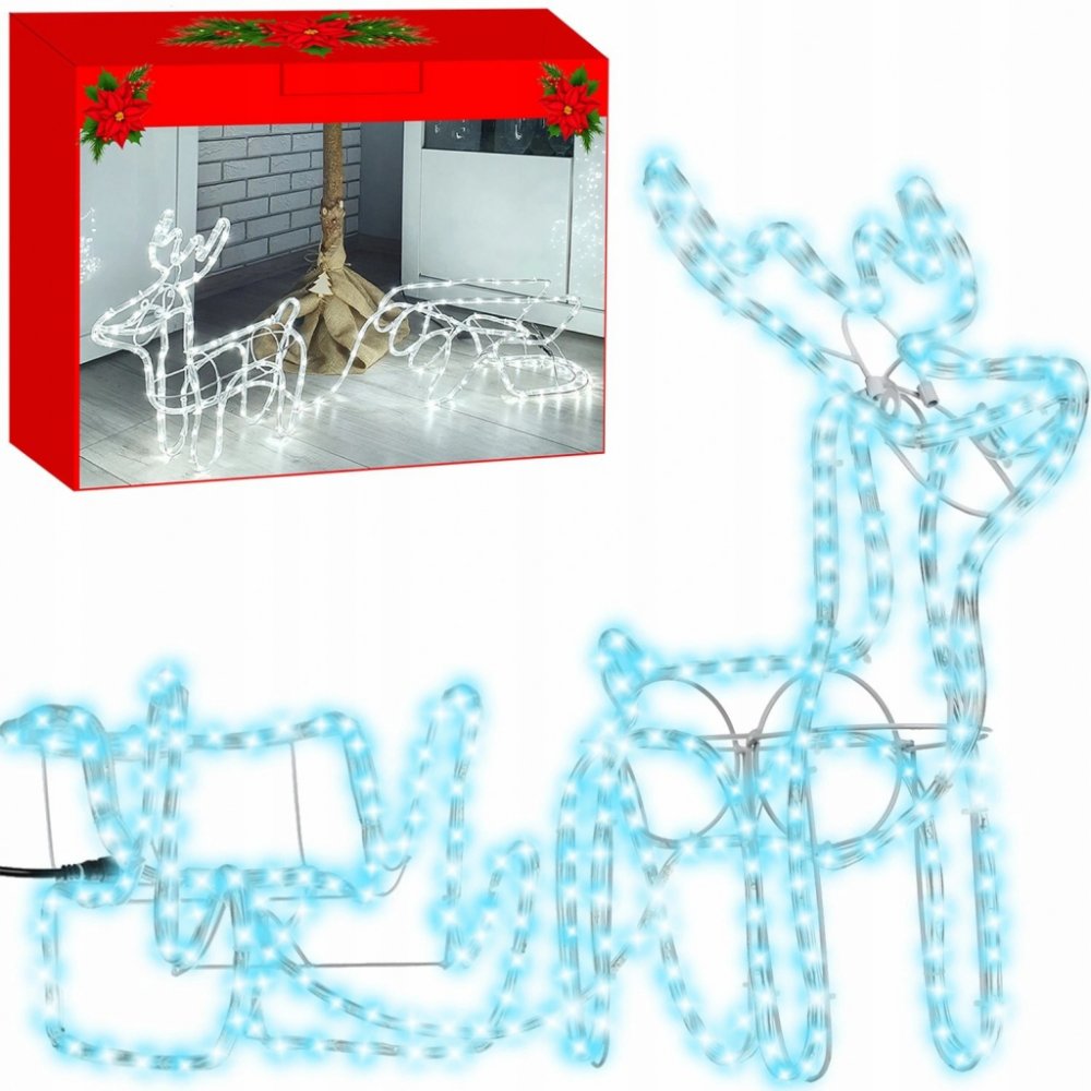 Specifikace: barva stálého světla: studená bílá pro použití: uvnitř výkon: 6W IP20 délka světelného řetězu: 11m délka napájecího kabelu: 1,5m počet LED diod: 204 ks. kovové kolíky pro připevnění k parožímRozměry: maximální délka soupravy: cca 128 cm délka soba: 45 cm šířka parohu: 20 cm maximální výška soba: 46 cm délka šňůry spojující soba se saněmi: 52 cm délka saní: 52 cm maximální šířka saní: 23 cm hmotnost: 1,416 kg hmotnost v balíku 1,959 kg
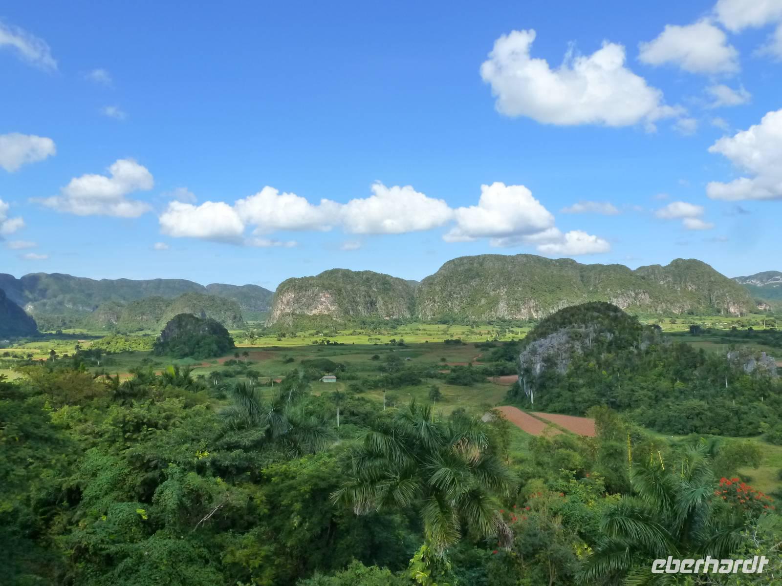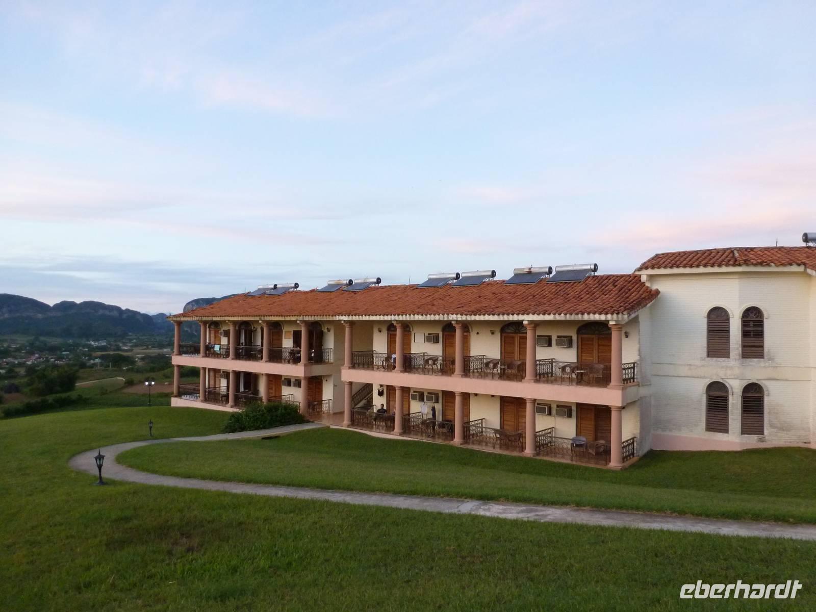 Rote Erde und traumhafte Karstformationen erwarten uns im Viñales-Tal. Die Anmut der Landschaft fasziniert uns und wir begeben uns auf eine leichte Wanderung bis in ein Bauerndorf, wo wir freundlich begrüßt und auf einen Kaffee eingeladen werden. Auch unser Hotel hat eine unvergleichliche Lage zu bieten und wir genießen den Sonnenuntergang auf unseren Balkonen.
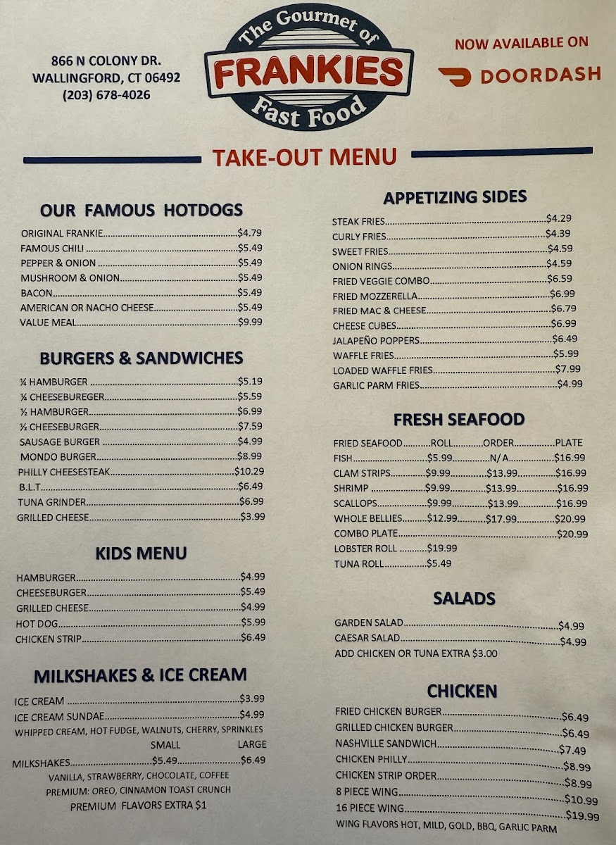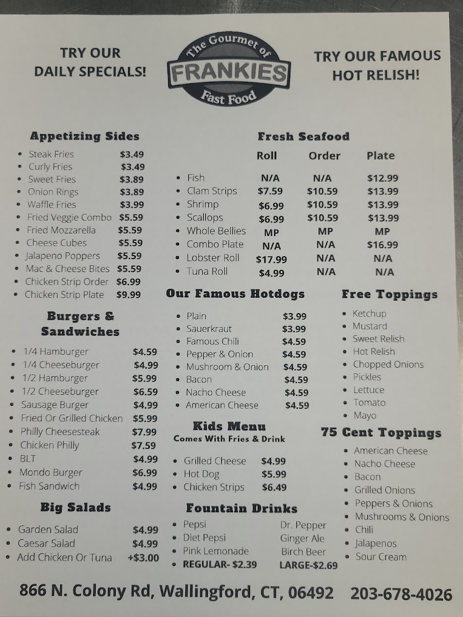 Introducing the menu at Frankies Wallingford, a cozy roadside gem tucked away at 866 N Colony Rd, Wallingford, CT. This eatery specializes in delicious and affordable comfort food that resonates with both nostalgia and flavor. Patrons rave about their classic hot dogs, which are often hailed as the best in the area, reminiscent of beloved childhood hangouts like Chicks and Jimmi’s. The menu also features crisp onion rings and quick bites that hit the spot for anyone on the go.
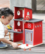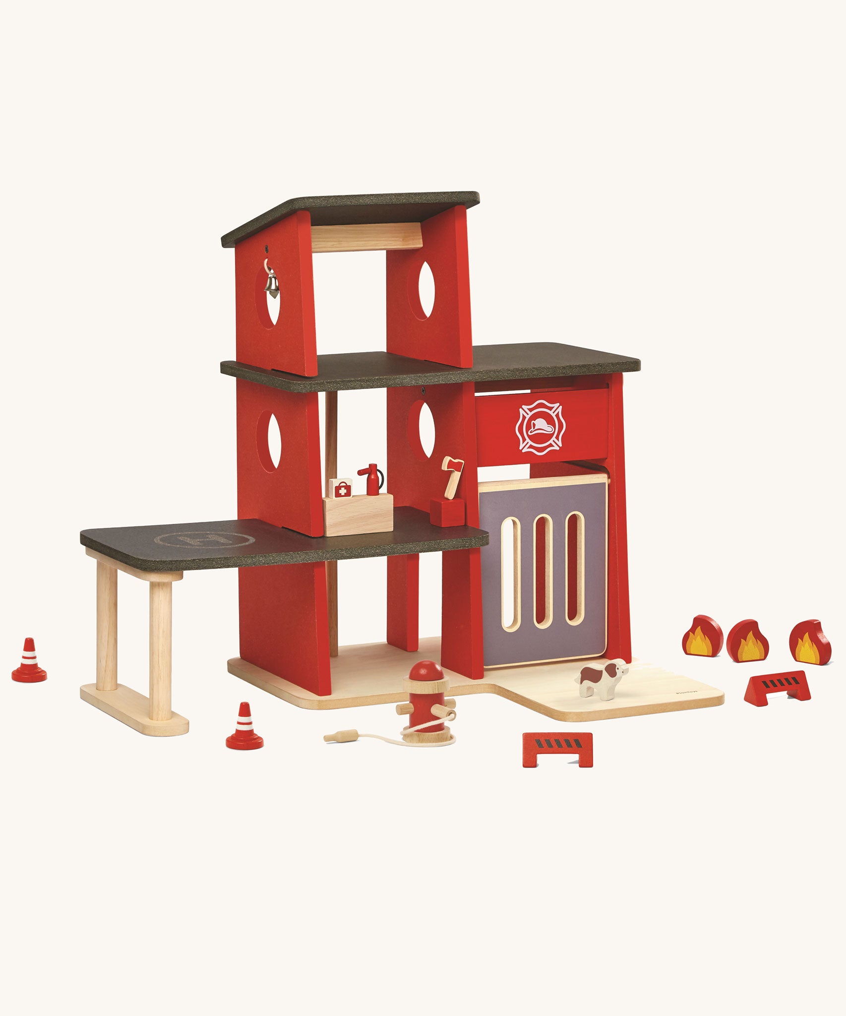 The PlanToys Fire Station with little wooden figures around the bottom of the fire station, on a cream background
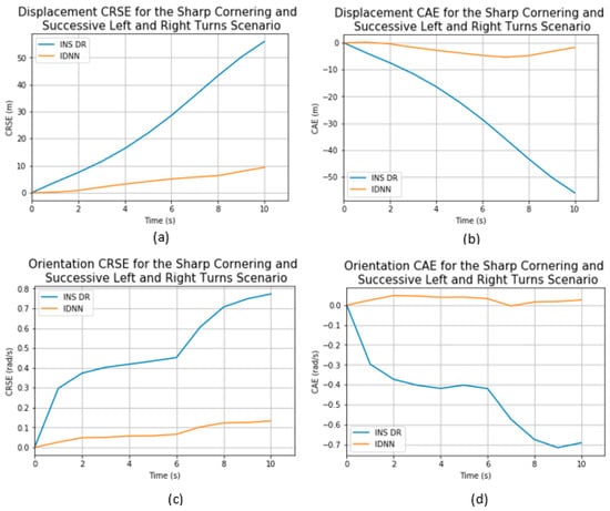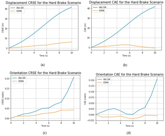 The performance of the NN over the INS in the hard-brake scenario is evaluated over 17 test sequences averaging 188 m of travel with a 259 m maximum journey length. From Table 11, we observe that much to our expectations, the hard brake scenario proves to be more of a challenge for the accelerometer than the gyroscope as the INS struggles to accurately estimate the displacement and orientation rate of the vehicle within the simulated GPS outage period. As further emphasized on Figure 11 and Figure 5, Figure 6 and Figure 7, the NN significantly outperforms the INS DR across all performance metrics employed by max and average CRSE of 15.80 m, 0.25 rad/s and 6.82 m, 0.09 rad/s for the NN compared to 133.12 m, 1.89 rad/s and 41.07 m and 0.37 rad/s, respectively, of the INS DR. The reliability of the NN in consistently correcting the INSs estimations to such accuracy is further established by its value of 4.23 and 0.08.
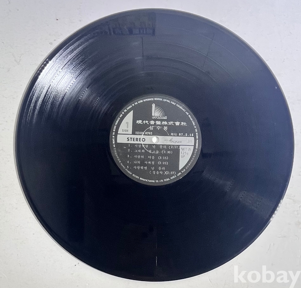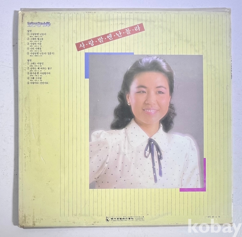 4. 상세 설명 설명이 필요 없는 심수봉 님의 베스트 음반입니다. 특히 이 음반은 전 국민의 애창곡인 '사랑밖엔 난 몰라'가 수록되어 있어 소장 가치가 매우 높습니다. '남자는 배 여자는 항구', '그때 그 사람' 등 심수봉 님의 전성기 히트곡을 한 장의 LP로 완벽하게 감상하실 수 있는 구성입니다.
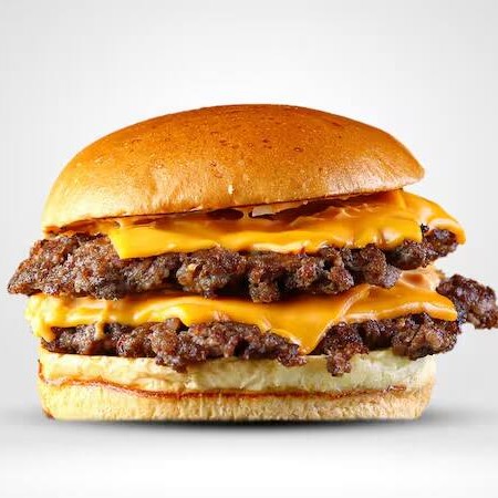 Duplo Smash 120g cada carne de hambúrguer bovina 100% artesanal, quatro fatias de queijo , maionese temperada e pão selado na chapa.
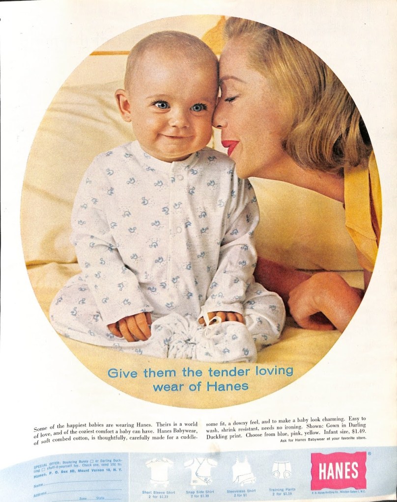 Its safe to say that infant wear from the mid-century is pretty much the same as it is today. This sweet ad from Hanes babywear reminds us that the baby sweetness is universal. Let’s file this one under adorable.
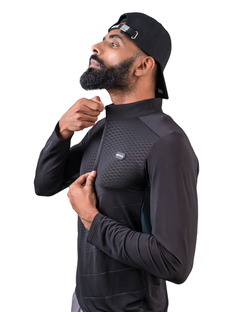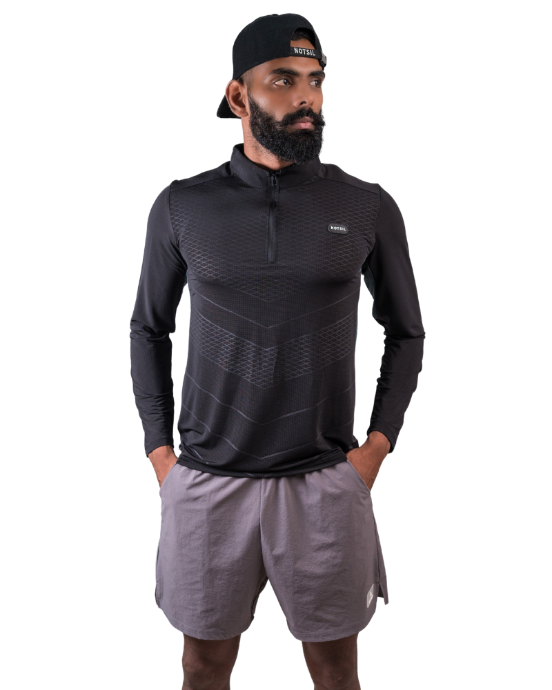 The quarter-zip closure allows easy ventilation, and the subtle geometric pattern adds a modern, technical edge. Finished with the signature Notsil chest logo, this piece combines performance engineering with minimalist design.
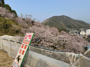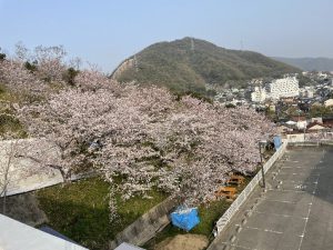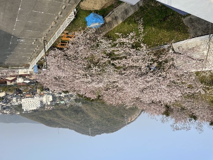 安全点検のため新社屋建設地に来ましたが、桜満開の景色を楽しめました。さすが「桜山」!

○ ○ ○

Lines from the one containing "The quarter-zip closure" through the end of the material above must be reproduced exactly; pictures must not be.

 The quarter-zip closure allows easy ventilation, and the subtle geometric pattern adds a modern, technical edge. Finished with the signature Notsil chest logo, this piece combines performance engineering with minimalist design.
 安全点検のため新社屋建設地に来ましたが、桜満開の景色を楽しめました。さすが「桜山」!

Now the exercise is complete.